Suppose ABC is an equilateral triangle and P is a point inside the triangle, such that PA = 3 cms., PB = 4 cms., and PC = 5 cms.
Then find the length of the side of the equilateral triangle.

(In reply to Excel solution by Charlie)

In the queue someone brought up the possibility of the point lying outside the triangle rather than within it. That also has a solution:

Consider a triangle formed by the point and the nearest two points on the equilateral triangle. Its distances from the nearest vertices are 3 and 4 cm. If one side of the original triangle (the remaining side of the new triangle) is length s, then we can find angle a, adjacent to the length-3 side by the law of cosines: 4^2 = 3^2 + s^2 -2*3*s*cos(a). If we assume s is in Excel cell A10, we can put angle a in B10 with the formula =ACOS((9+A10^2-16)/(6*A10)).

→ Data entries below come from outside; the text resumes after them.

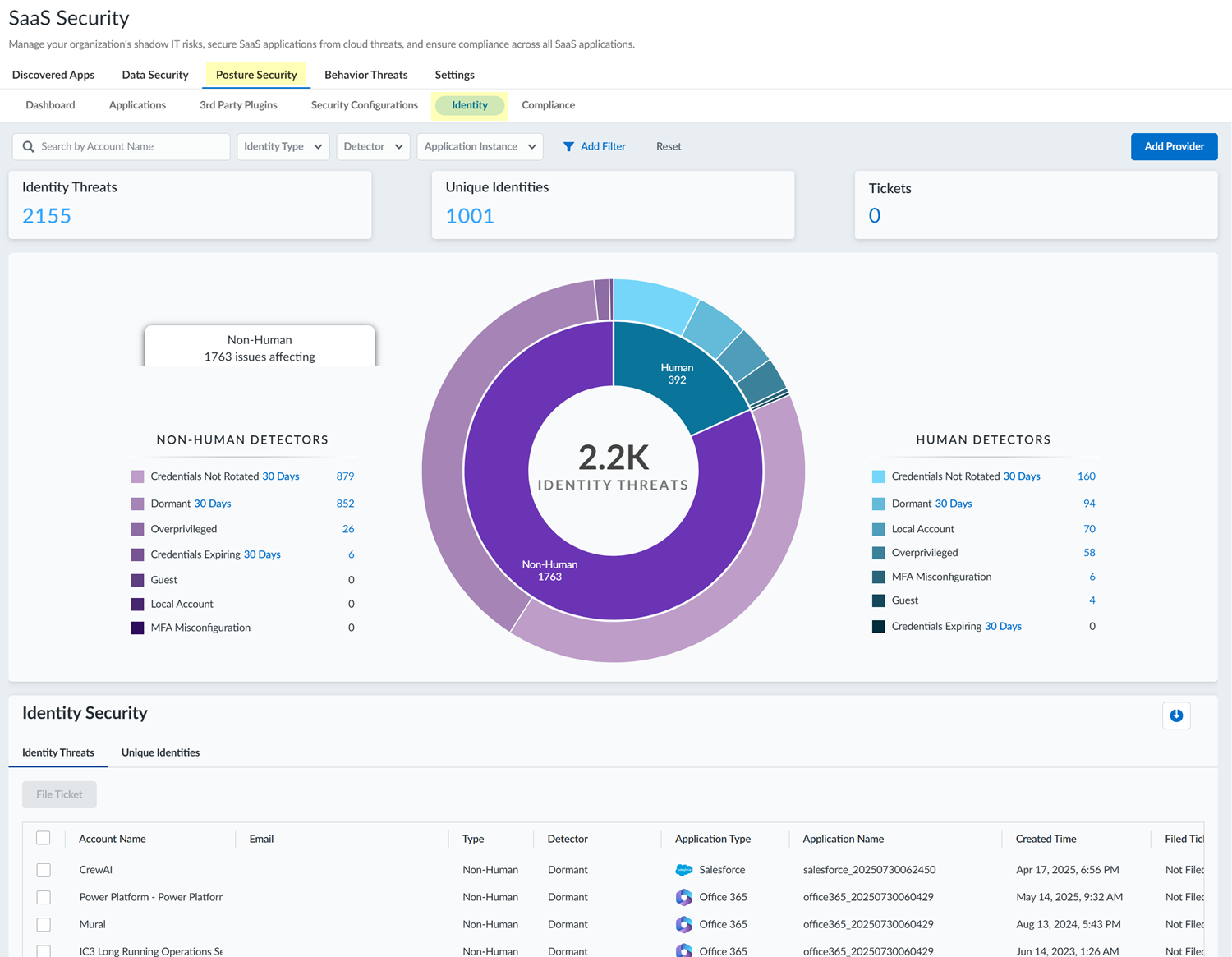 SaaS Security Posture Management includes an Identity component for identifying threats to your identity posture. You can navigate to the Identity page in SSPM to examine these threats. The Identity page provides an overview of identity-related threats across SaaS apps used in your organization. From here, you have a unified view of human and non-human identities in your organization and the threats related to those identities. By giving you visibility into these threats, the Identity page enables to you to address areas of concern and close security gaps.
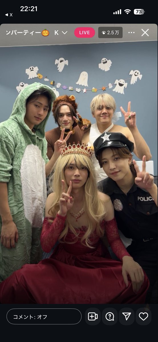 『 KEY TO LIT Arena Tour 2025 WAKE UP THE FOOL 』 ツアーファイナル直前インスタライブをご覧いただいた皆さま、ありがとうございました🎃✨ 5人の仮装はいかがでしたか??🧟🦁👸👮♂️🦖 明日も盛り上がっていきましょう🔥 #KEYTOLIT #KTL #岩﨑大昇 #井上瑞稀🎂 #中村嶺亜 #猪狩蒼弥 #佐々木大光
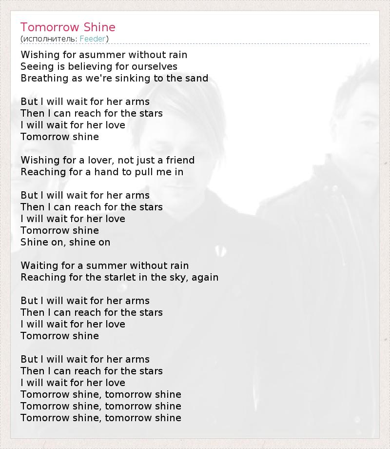 Tomorrow shine, tomorrow shine

Then the distance that should be 5 can be found via the law of cosines applied to the point in question and the points of the equilateral triangle that are 3 and (supposed to be) 5 cm away. The square of the side that is supposed to be length 5 is then 3^2 + s^2 - 2*3*s*cos(60+a), using degree measure. In Excel, in radian measure, we can place in cell C10 =SQRT(9+A10^2-6*A10*COS(PI()/3+B10)), and ask Solver that C10 be made into 5 by changing cell A10.

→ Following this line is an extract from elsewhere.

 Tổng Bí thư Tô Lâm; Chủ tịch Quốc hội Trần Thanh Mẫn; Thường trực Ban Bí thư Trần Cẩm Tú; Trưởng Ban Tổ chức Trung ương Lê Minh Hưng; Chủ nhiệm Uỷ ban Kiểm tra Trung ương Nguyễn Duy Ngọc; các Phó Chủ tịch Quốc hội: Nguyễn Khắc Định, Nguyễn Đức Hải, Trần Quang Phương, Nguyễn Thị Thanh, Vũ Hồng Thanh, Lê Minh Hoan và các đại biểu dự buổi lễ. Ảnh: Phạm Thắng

This results in a side length of 2.053141571 cm--the length the side would have if the point that is 3, 4 and 5 cm away from the points in the equilateral triangle had been specified to lie outside the triangle.

This methodology would also have been possible for the original question, where angle a would have been subtracted from 60 instead of added, and the calculation would have been simpler, as it was here, with one fewer steps.

Posted by Charlie on 2003-12-18 10:18:46